Amateurs play with pushing/pulling film. Time is money to professionals and studios are set up for maximum efficiency with minimum fuss.
My time in a commercial studio in Toronto is ancient history. Our clients wanted B&W for commercial work - catalogues, newspaper adverts and weekend supplements, magazine illustrations. Color was for portraits, weddings or glam publications.
The studio work horses were Rolleiflexes. Changing a film mid-roll on a TLR would have been my idea of hell on earth. A few pros had one or two Hasselblads with extra film backs. We used a Pentax kit (one body and two lenses (50 and 105) for 'quick and nasty work' - head shots for newsletters or PR stories.

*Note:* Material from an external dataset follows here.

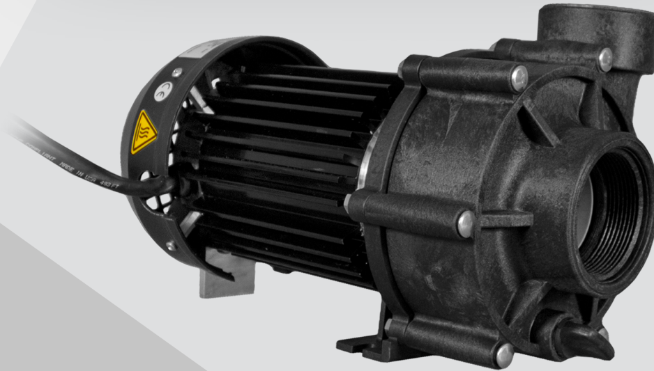
DC MOTOR VARIABLE SPEED PUMP

News shooters worked with one camera and sometimes had a spare. They had to shoot quickly and would not have taken the time to change film speeds.
Nobody would have changed ISO speeds on a camera or even more of a horror, change films mid-roll during a studio shoot or even in the field. Our sessions were billed in 15 minute increments and we worked like slaves to do it all with no fuss or bother . We overexposed by one-third or two-thirds of a stop, developing and printing fixed up the contrast as the clients wanted.
In those days anyone who carried two cameras and more than two lenses in the field would have been called a National Geographic shooter. Those boys (and a few girls) always had two bags with them, one for gear and the other (often bigger) for the films. Autowinders were probably invented for their use.
In the '80s media and many studios shot color negative. 35mm was used even on indoor sets. Nikons everywhere. A few Leicas. Two bodies were the norm. Again, no film speed tinkering.
Digital has changed the game. It is so easy to vary ISO speeds in a sequence, a stop under, normal, a stop over. Easier and better than faffing about with a black bag or racing off to the darkroom to snip half a roll out of the camera.
Good to know many are still into film. I shoot it now and then for the sake of old times and old memories. Always at one or two 'pegs' below ISO box speed which gives me easy to print negatives. I am with the poster who said KISS is the way to go.
If anyone out there doesn't already know - it means "Keep It Simple, Stupid".